Esse grupo, inspirado nos comunicados de organizações terroristas
internacionais, assumiu a responsabilidade pelo ataque e prometeu mais actos de
violência para defender “a paz, a segurança e a democracia em Angola”.
Dois
meses depois, a 23 de Maio de 2012, as milícias do seu governo, com protecção
policial, atacaram novamente a residência de Carbono Casimiro, onde se
encontravam reunidos alguns jovens que preparavam uma manifestação. Os
atacantes, armados com barras de ferro, partiram as cabeças de Mbanza Hamza, Gaspar Luemba e Jang Nómada
, para além de outros ferimentos causados a outros jovens.
O
camarada presidente, com o seu cinismo habitual, caucionou essa nova
estratégia.
Na
semana seguinte, a 27 de Maio de 2012, o sempre fatídico dia, elementos da
Polícia Nacional e do SINSE raptaram Alves Kamulingue nos arredores da Baixa de
Luanda.
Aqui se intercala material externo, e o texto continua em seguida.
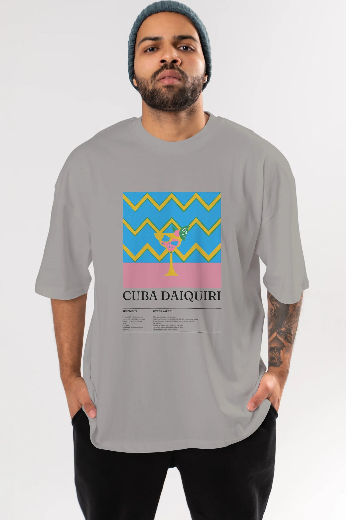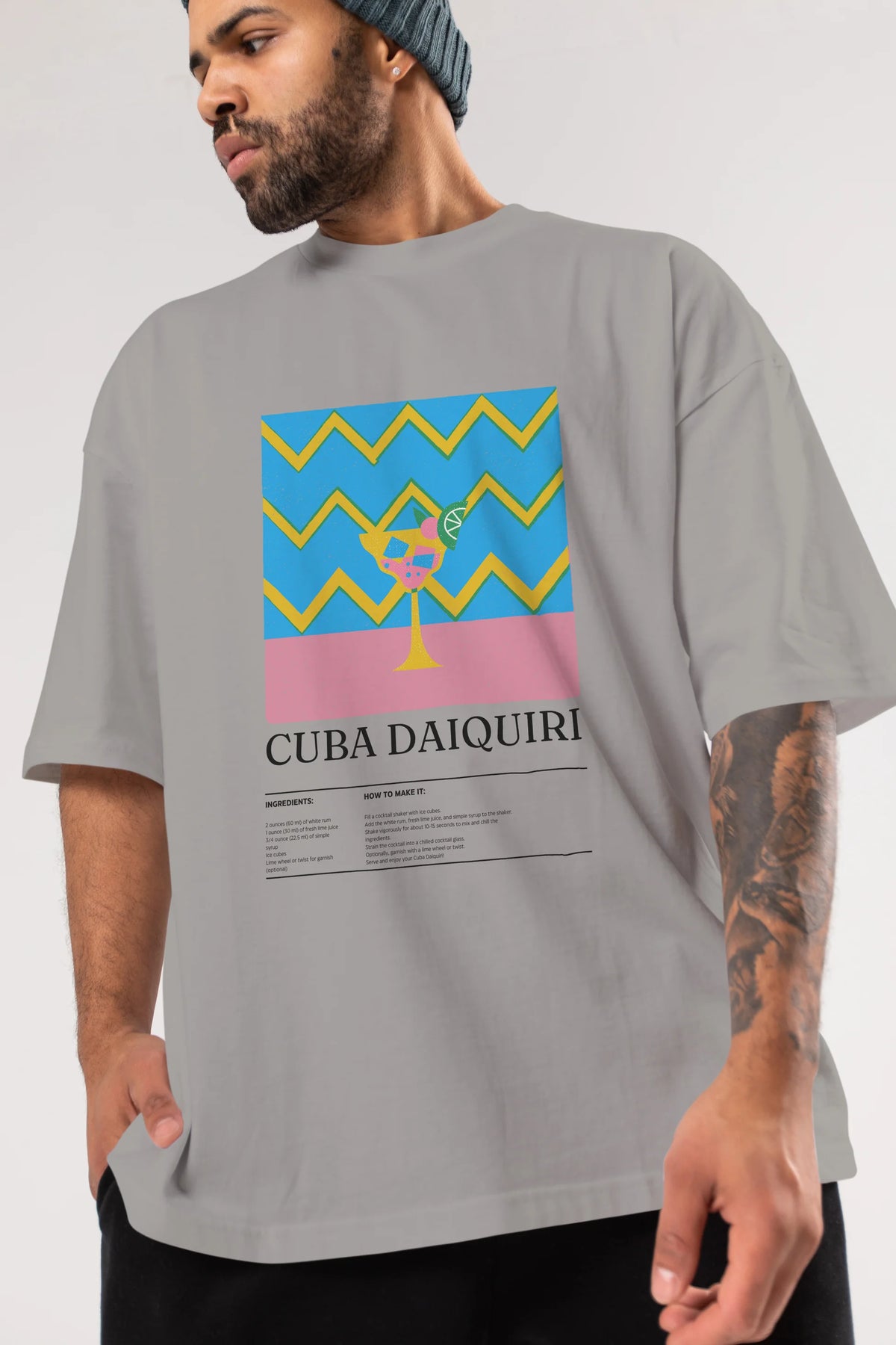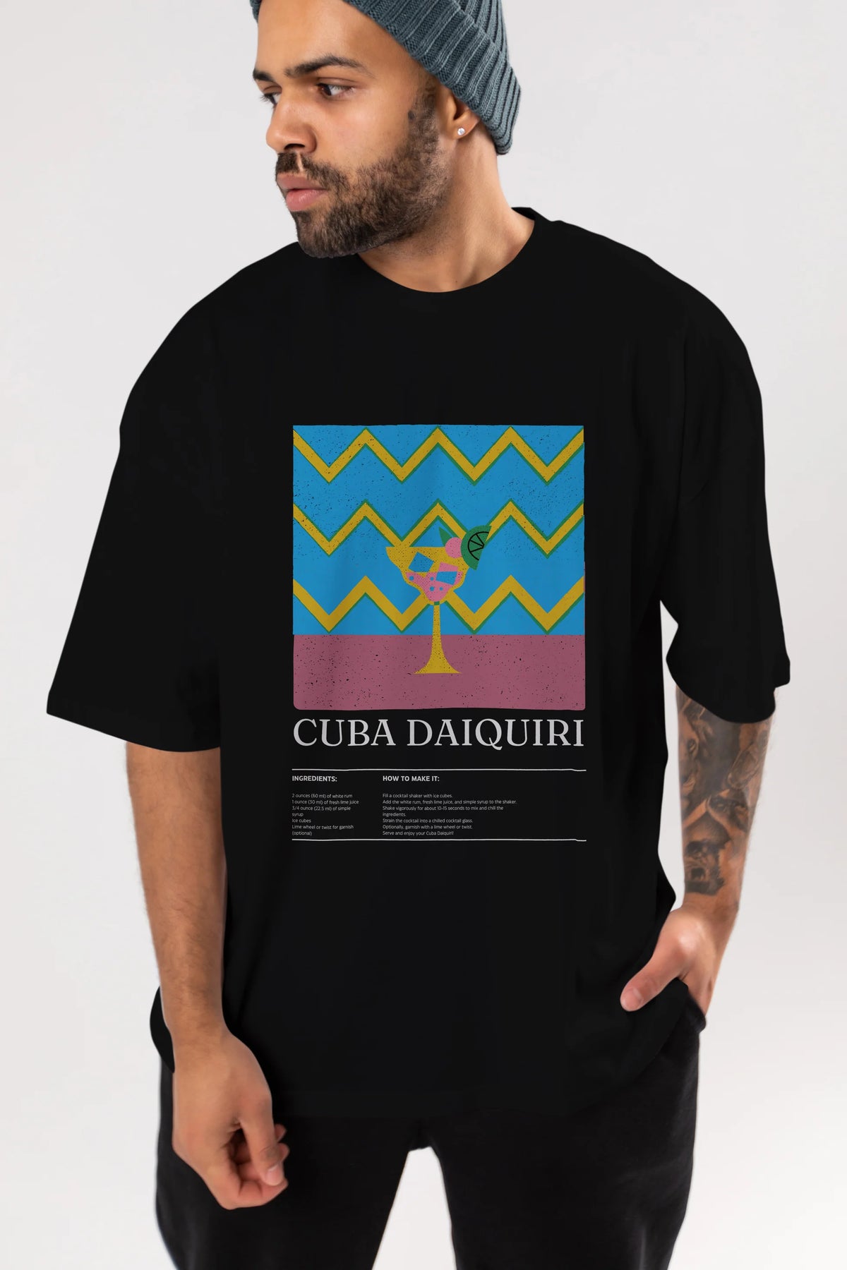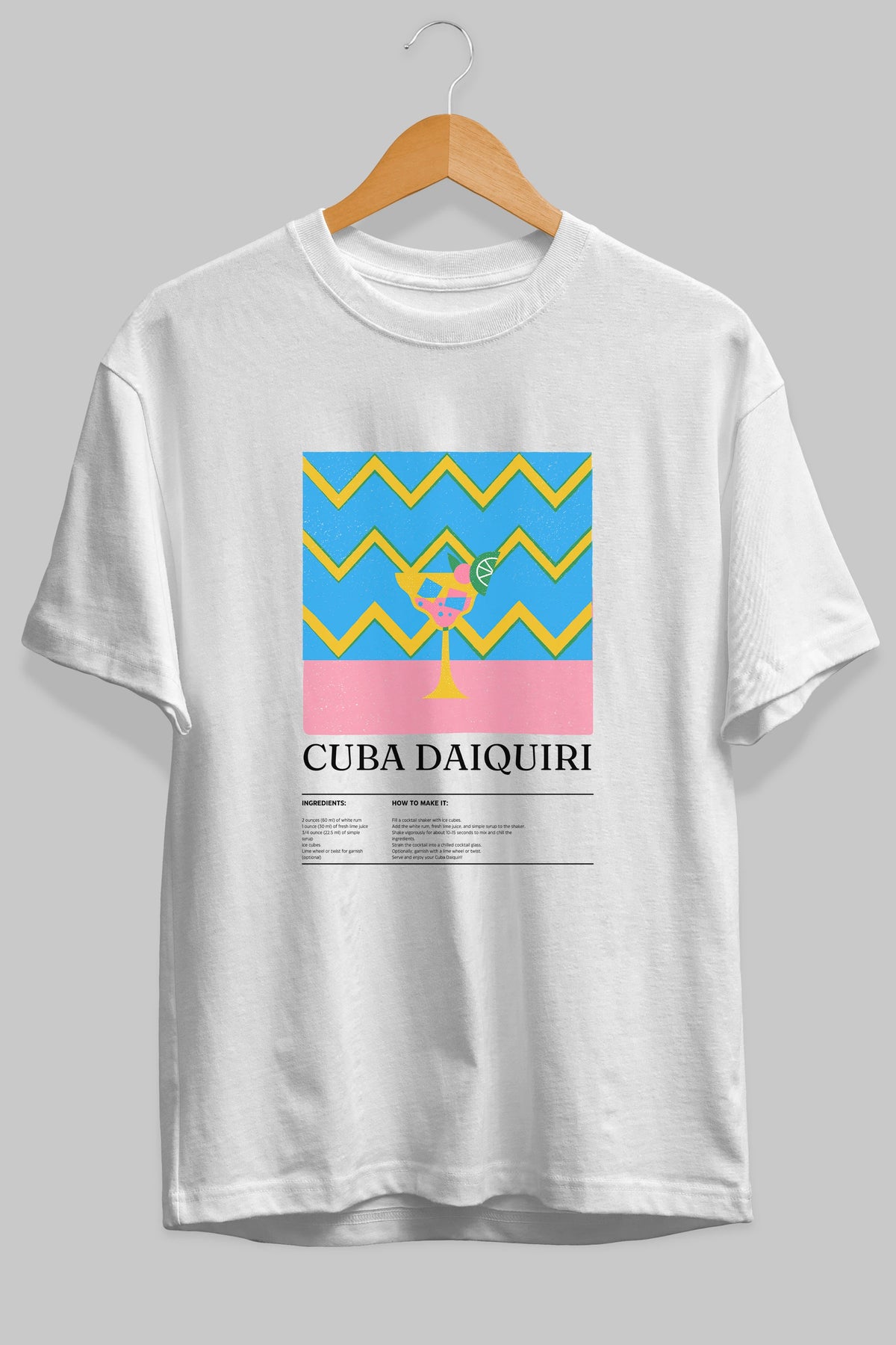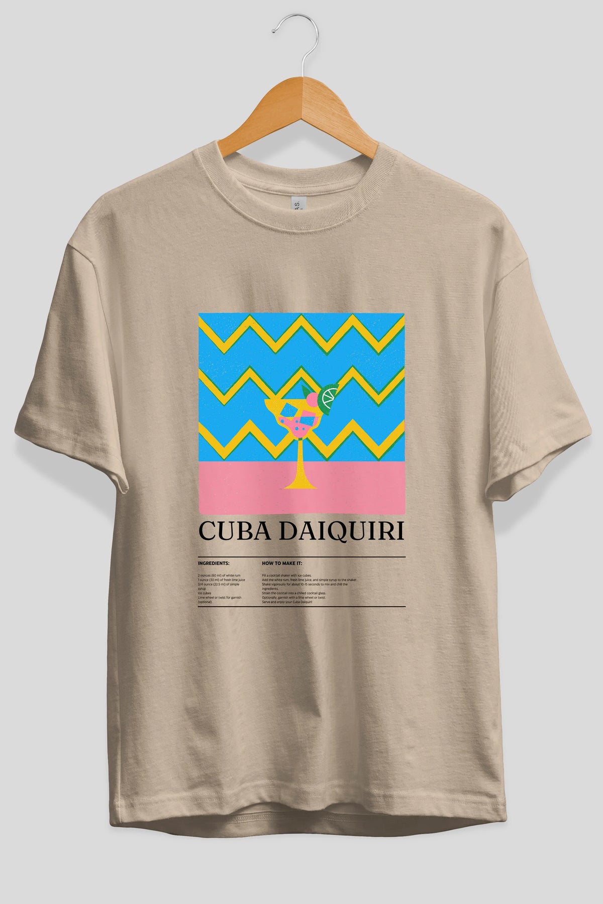 Cuba Daiquiri Kokteyl Ön Baskılı Oversize t-shirt Erkek Kadın %100 Pamuk Bisiklet Yaka tişort

Fizeram-no para defender o camarada presidente. Alves Kamulingue tinha
estado a ajudar a organizar os antigos membros da Unidade de Guarda
Presidencial (UGP), que pretendiam manifestar-se nesse dia por terem sido
dispensados permanentemente sem pensões ou perspectivas de emprego na vida
civil. Dois dias depois, os mesmos operativos ao serviço do camarada presidente
raptaram Isaías Cassule, o outro cabecilha.
Como
já é do conhecimento público, os corpos destes jovens, assassinados pela sua
polícia política, foram servidos como alimento aos jacarés. Desde então, o
camarada presidente é conhecido, em surdina, como o Rei dos Jacarés.
Cassule
& Kamulingue ascenderam ao panteão dos mártires da pátria.
Com
essas mortes, os raptos e as ameaças de morte anteriormente protagonizados pela
polícia política, como nos casos de Pandita Nehru, Gaspar Luamba, entre muitos
outros,
tornaram-se
estratégias irrelevantes do poder, na psique das vítimas e daqueles a quem se
procurava infundir o medo. Também as estratégias de corrupção, infiltração,
intrigas e divisão dos grupos de jovens passaram a ser irrelevantes. Como se
neutralizam células de indivíduos que agem de forma desorganizada, anárquica,
em competição entre si, e sem um plano de acção para além do simples facto de
saírem à rua para atormentar a sua imagem?
Camarada
presidente, a 5 de Agosto de 2012, um acidente de viação, no Kwanza-Sul, causou
a morte de 23 adeptos do Kabuscorp do Palanca, o clube de futebol de Bento
Kangamba. Ficou-se a saber, a posteriori, que entre os mortos
constavam alguns kaenches afamados pelas agressões contra os
manifestantes. O camarada presidente endereçou publicamente as suas
condolências pela perda dessas vidas.
Em
desespero de causa, camarada presidente, a sua polícia política prendeu o então
menor de idade Nito Alves, de 17 anos, a 12 de Setembro de 2013, por ter
imprimido 12 camisolas em que o insultava como o “Ditador Nojento”.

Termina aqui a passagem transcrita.